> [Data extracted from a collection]

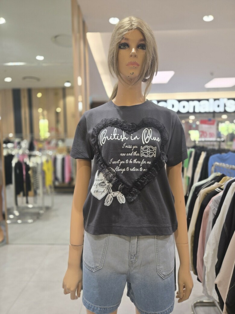 하트 러플 그래픽 반팔 티셔츠 ER2OTH-67
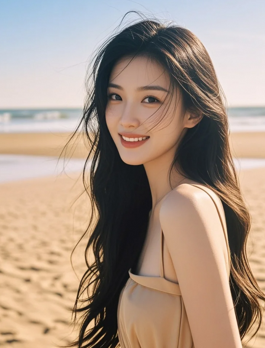 沙滩上的大明星,长发飘逸,笑容清新,姿态优雅动人
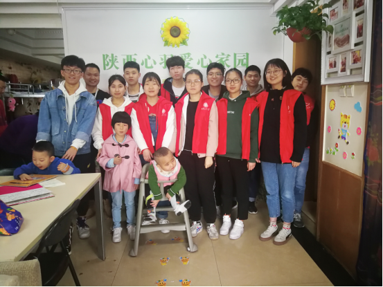 3月23日早晨7时40分,志愿者队伍在学校西门集合完毕。在青协主席刘麒的带领下,志愿者队伍携带着为孩子们采购的一些水果及生活用品开始前往莲湖区陕西心羽爱心家园。到达目的地后,心羽爱心家园的管理人员先为我们简短介绍了内部各个家庭患儿的情况以及心羽家园建立的过程。随后,志愿者们与孩子们一起愉快玩耍,手把手教他们写汉字和画画涂色。虽然这些孩子们都患有不同的身体疾病,但在志愿者的眼中他们和身体健康的孩子一样,一样的天真可爱、活泼开朗。志愿者们希望通过他们的努力,将幸福阳光融入这个充满爱的大家庭。最后,志愿者们与孩子们一起合影留念。至此,本次活动圆满结束。
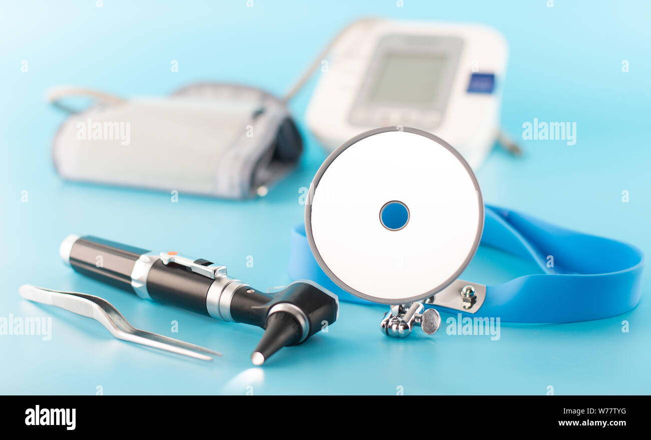 Ear professional instrument on blue background Stock Photo Alamy
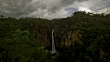 4K Time lapse water pouring over a cliff as clouds rush by above
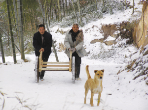 2009年12月29日,一场大雪过后,嵊州雅璜乡村民推着两轮车上山。
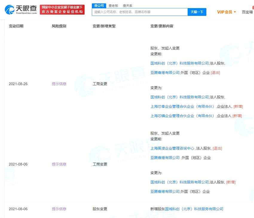 此番變更之后,國(guó)域科創(chuàng)與亞騰香港成為了北京芯能的股東。
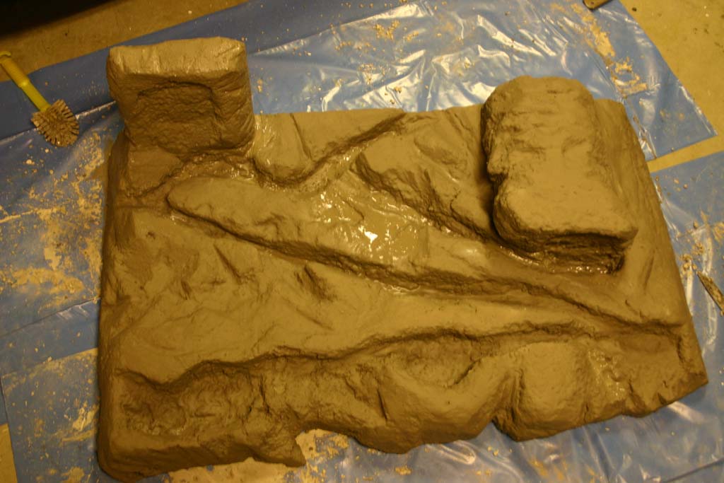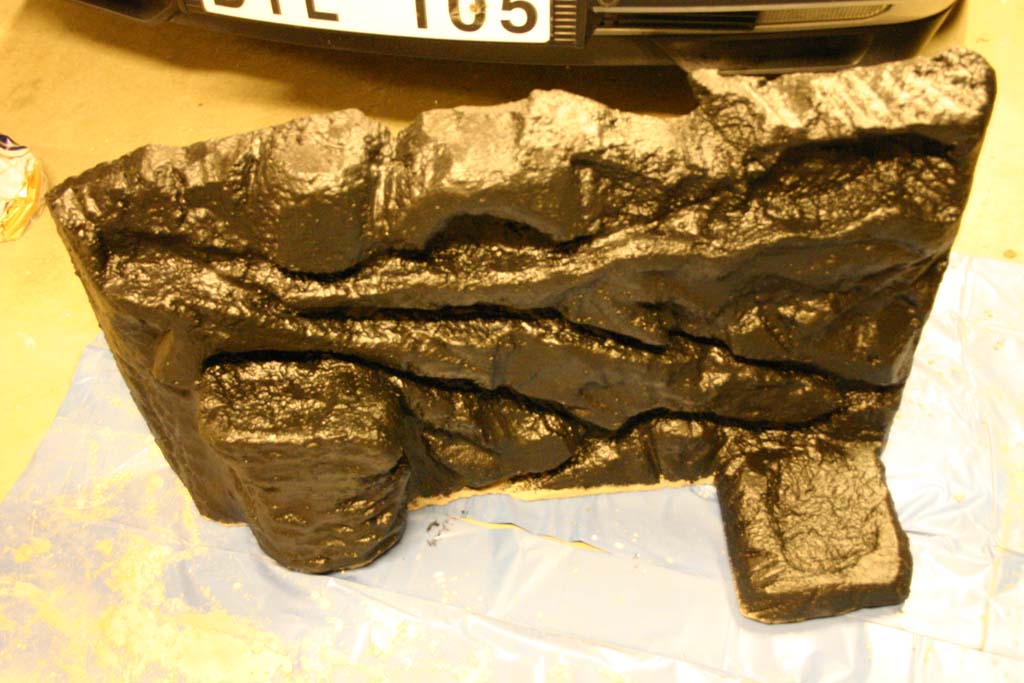 Här har jag lagt på ett första lager med cement över frigoliten
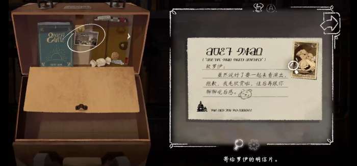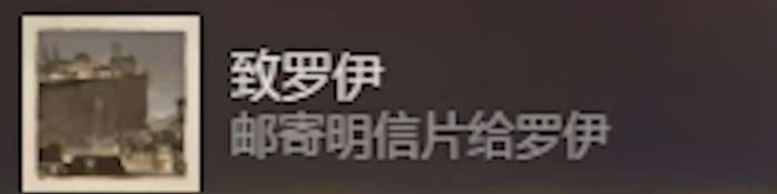 3、拿到明信片后打开背包查看明信片,会发现明信片在包包夹层不在外层,如果查看明信片可在背面看到文字,那就是寄给罗伊的,之后在大剧院那里的红色邮简里寄出去即可完成
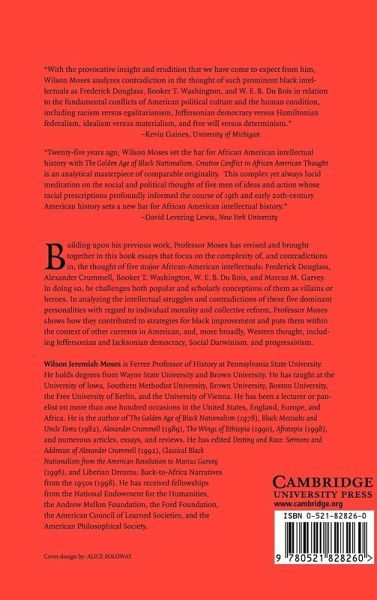 Building upon his previous work and using Richard Hofstadter's The American Political Tradition as a model, Professor Moses has revised and brought together in this book essays that focus on the complexity of, and contradictions in, the thought of five major African-American intellectuals: Frederick Douglass, Alexander Crummell, Booker T. Washington, W. E. B. DuBois and Marcus M. Garvey. In doing so, he challenges both popular and scholarly conceptions of them as villains or heroes. In analyzing the intellectual struggles and contradictions of these five dominant personalities with regard to individual morality and collective reform, Professor Moses shows how they contributed to strategies for black improvement and puts them within the context of other currents of American thought, including Jeffersonian and Jacksonian democracy, Social Darwinism, and progressivism.
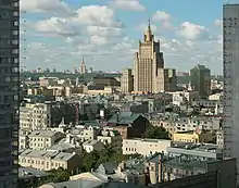 - Ministerio de Asuntos Exteriores y Universidad Estatal de Moscú, dos de los Stálinskiye Vysotki ("rascacielos de Stalin" o "las siete hermanas").
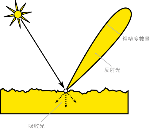 沒有光線會反射為漫射光。這使得金屬有很強的反射特性,而且讓金屬的反射顏色也是表面本身的可見顏色。
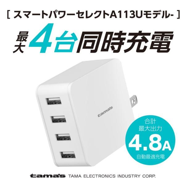 多摩電子工業 TA113UW コンセントチャージャー 4.8A USB−A×4ポート
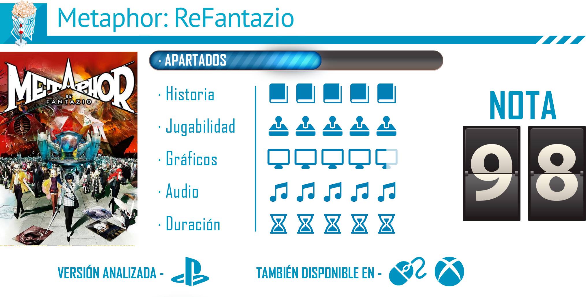 Poco más se puede decir de Metaphor: ReFantazio que no hayamos dicho ya. Es un juego perfecto, uno de los títulos del año que sin duda se ha situado en lo más alto de los JRPG. En un juego que engancha de principio a fin, tanto por su historia, sus personajes y su sistema de combates; una fórmula perfecta que se da una vez cada cierto tiempo y que esperamos que se convierta en otra piedra angular del estudio, junto con Shin Megami Tensei y Persona pues nos hemos quedado con muchas ganas de seguir explorando esa faceta medieval y disfrutar de las posibles historias en el futuro que tienen que contarnos.
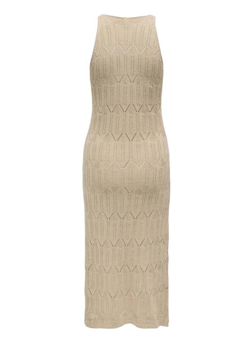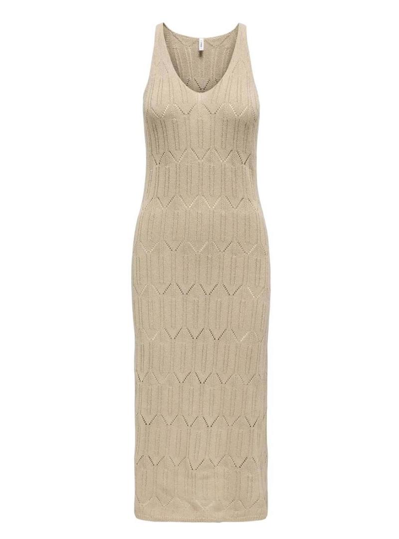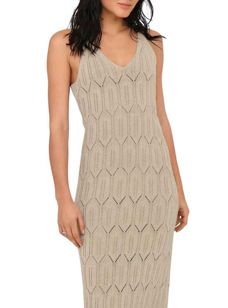 Vestido de malha Only. Modelo Mea. Cor bege. Decote em V. Sem mangas. Comprimento midi. Corte justo ao corpo. Lavar a máx. 30°C com programa suave. Levemente vazado.
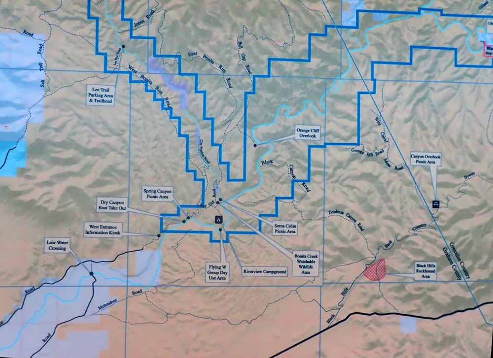 The Gila Box is where Bonita Creek Joins the Gila River. When the water his higher you can boat 23 miles of twists and turns of the spectacular Gila River canyon with 500 foot sheer cliff walls and dramatic geological features. Our view at lunch of the Gila River.
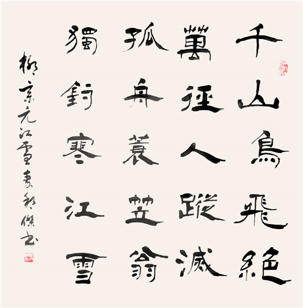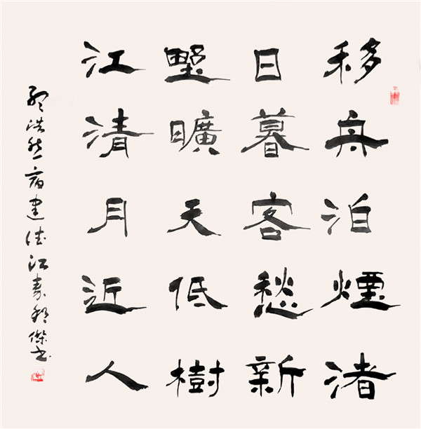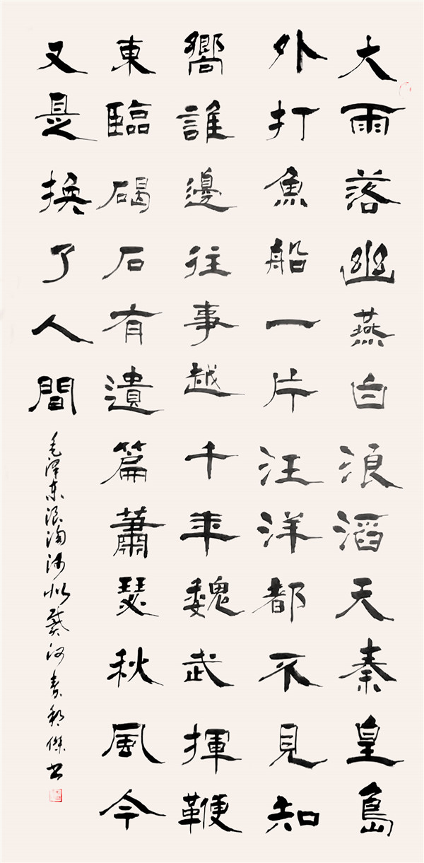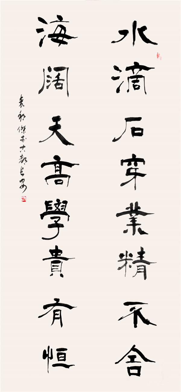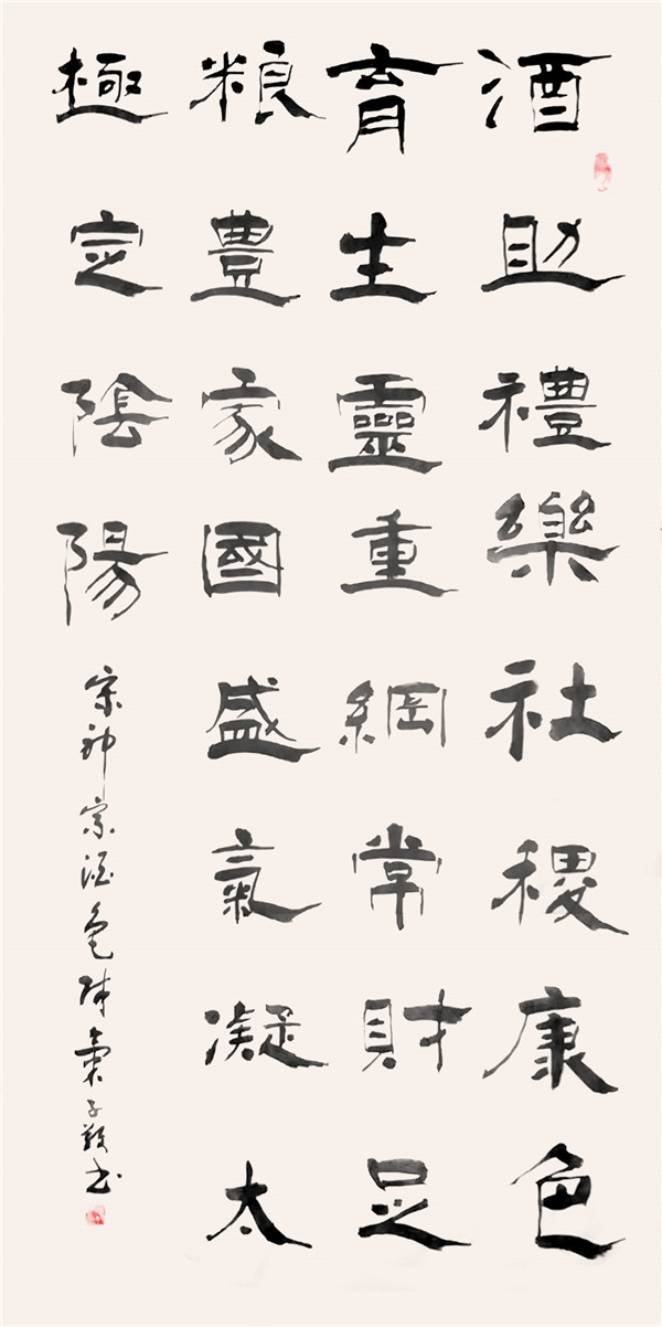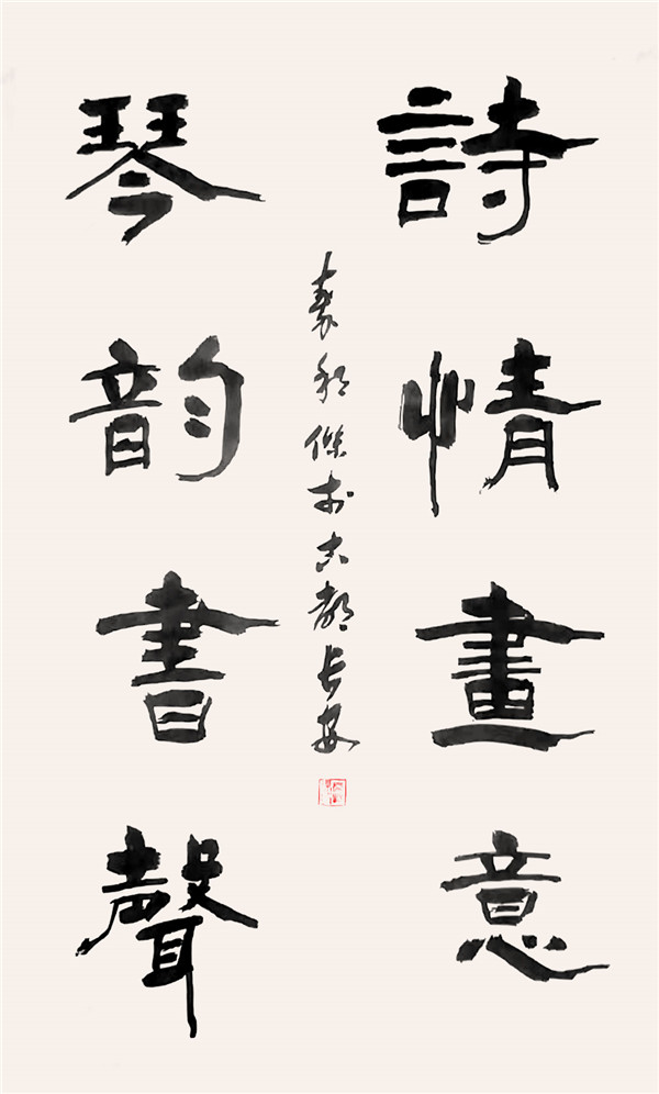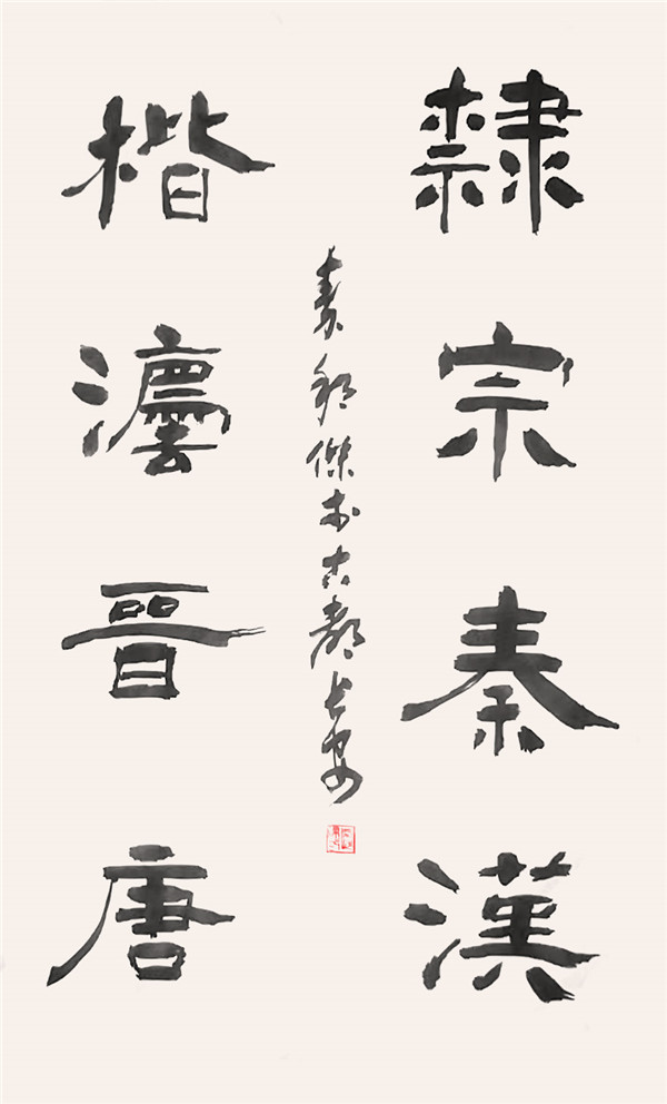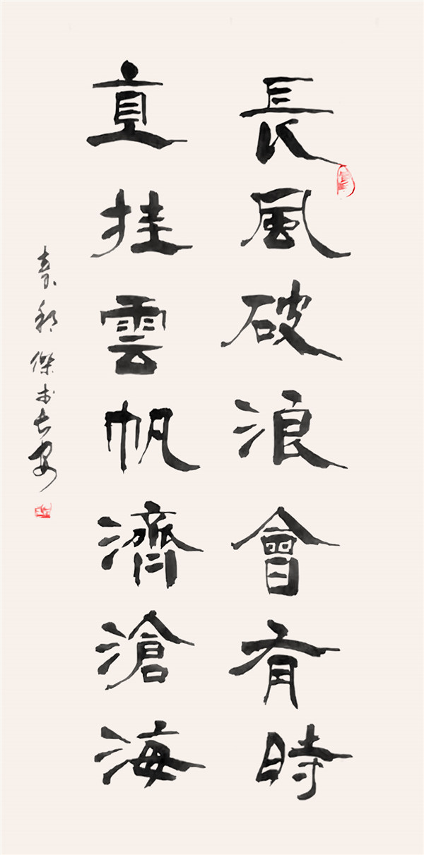 秦邦杰的书法,以隶书为基,却不囿于隶;以传统为宗,却不泥于古。他在碑帖交融的探索中,让汉隶的古朴与时代的审美相遇,既承续了 “书肇于自然”(蔡邕《九势》)的本源精神,又拓展了隶书在当代的表现维度,实为当代书坛 “守正创新” 的典型实践之一。

> [PROBLEM TO WORK ON] Each line above from the one containing "4K Time lapse" through the one containing "多摩電子工業 TA113UW コンセントチャージャー 4.8A USB−A×4ポート" is to be returned verbatim. Nothing else, and no pictures.

> [SOLUTION TO THIS PROBLEM]
 4K Time lapse water pouring over a cliff as clouds rush by above
 2009年12月29日,一场大雪过后,嵊州雅璜乡村民推着两轮车上山。
 此番變更之后,國(guó)域科創(chuàng)與亞騰香港成為了北京芯能的股東。
 Här har jag lagt på ett första lager med cement över frigoliten
 3、拿到明信片后打开背包查看明信片,会发现明信片在包包夹层不在外层,如果查看明信片可在背面看到文字,那就是寄给罗伊的,之后在大剧院那里的红色邮简里寄出去即可完成
 Building upon his previous work and using Richard Hofstadter's The American Political Tradition as a model, Professor Moses has revised and brought together in this book essays that focus on the complexity of, and contradictions in, the thought of five major African-American intellectuals: Frederick Douglass, Alexander Crummell, Booker T. Washington, W. E. B. DuBois and Marcus M. Garvey. In doing so, he challenges both popular and scholarly conceptions of them as villains or heroes. In analyzing the intellectual struggles and contradictions of these five dominant personalities with regard to individual morality and collective reform, Professor Moses shows how they contributed to strategies for black improvement and puts them within the context of other currents of American thought, including Jeffersonian and Jacksonian democracy, Social Darwinism, and progressivism.
 - Ministerio de Asuntos Exteriores y Universidad Estatal de Moscú, dos de los Stálinskiye Vysotki ("rascacielos de Stalin" o "las siete hermanas").
 沒有光線會反射為漫射光。這使得金屬有很強的反射特性,而且讓金屬的反射顏色也是表面本身的可見顏色。
 多摩電子工業 TA113UW コンセントチャージャー 4.8A USB−A×4ポート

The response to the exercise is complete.